Ant Farm staged Cadillac Ranch Show in 1974 along U.S. Route 66 Texas. Ten different models of Cadillac cars were half-buried in a row, nose-first in the ground, at a sixty-degree angle corresponding to that of the Great Pyramid of Giza, in Egypt. Each car features one step in the evolution of the tail fin from 1949 to 1963 in a statement about innovation in a technological era, the American dream, and the absurdity of consumerism. 

Ant Farm — a collective of radical architects who were also video, performance, and installation artists but, above all, visionaries and cultural commentators — offers an intriguing look into the conceptual activity of the late sixties and seventies – Constance M. Lewallen

Ant farm was an avant-garde architecture, graphic arts, and environmental design practice, founded in San Francisco in 1968 by Chip Lord and Doug Michels. Having foundation in architecture, they aim to combine music, modern dance and architecture thus allowing them to create radical works work.

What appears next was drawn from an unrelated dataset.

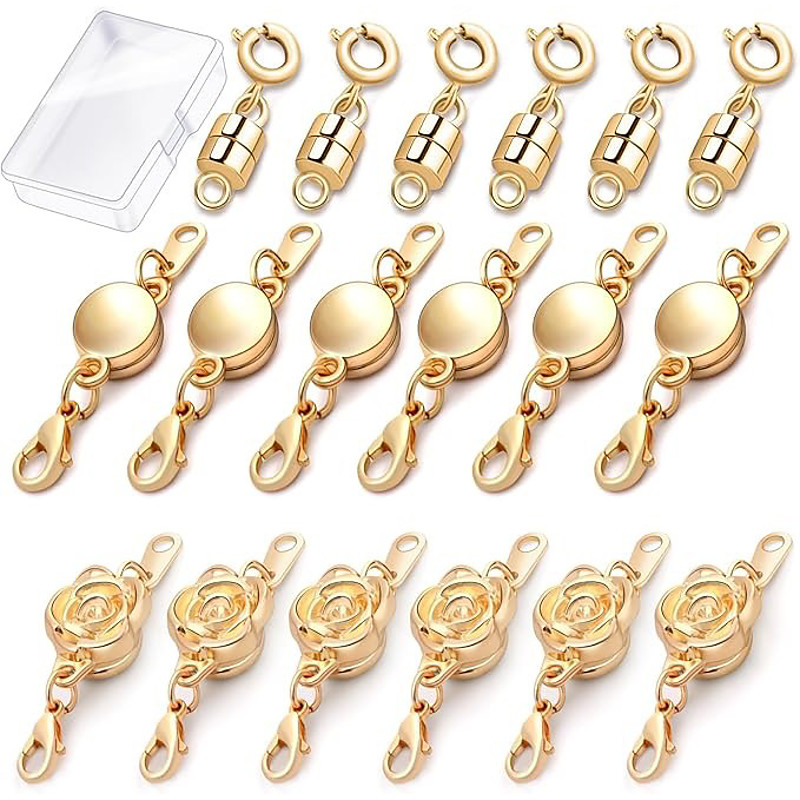 18 Pcs Magnetic Necklace Clasps and Closures,3 Styles Rose Round Cylindrical Jewelry Magnetic Clasp Connector Locking Magnetic Clasp Bracelet Extender for Jewelry Making

In the case of Cadillac Ranch, Ant Farm comments on the consumerism habits of Americans after the war. As stated in the interview, there was a automobile craze in the 50s as manufactures switch from producing war related consumer goods to consumer products. there was a craze of modifying and altering the cars. In fact USA was the largest exporter of automobiles. The planting of 10 Cadillac, a luxury car, itself is a bold statement of the mass consumption of goods. In addition, the site of this artwork further solidifies this notion. Stage on a plot of land owned by billionaire, Stanley Marsh, this shows how little the value of the cars meant to Marsh. Through such as ostentatious presentation, Cadillac farm was able to call attention of the passerby easily. Many stop and partake in the work by adding graffiti to it. In which Ant Farm regular adds a new coat of paint to cover up the graffiti.

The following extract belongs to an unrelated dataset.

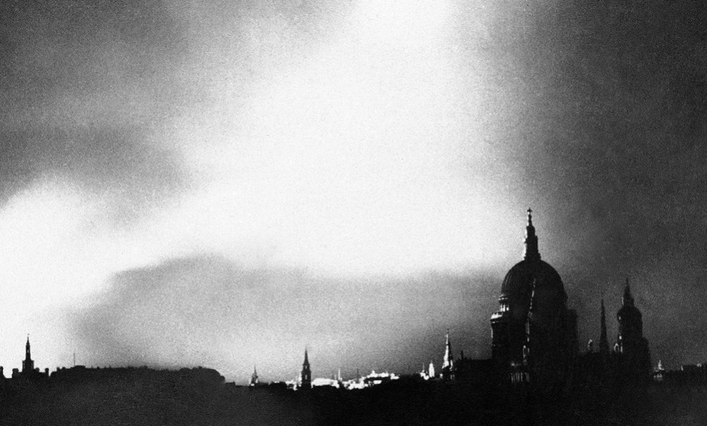 1. Неповрежденный купол собора святого Павла в клубах дыма и огня от окружающих зданий во время бомбардировки немецкими самолетами Лондона 29 декабря 1940 года. (AP Photo/U.S. Office of War Information)

  1. Good work and glad you made reference to the interview with Chip Lord. Yes, you are right, Cadillac Ranch grew out of the obsession with cars that was prevalent in the 50s and 60s in America, and of great importance to the Ant Farm artists. And you are absolutely correct that the placement of Cadillac Ranch was very specific to Route 66, to become what they referred to as a “roadside attraction.” One thing that would have strengthened your conclusion was making mention of the participatory nature of Cadillac Ranch, which essentially turned the work into public art that inspired social interaction: which ties in very nicely with our study in Experimental Interaction.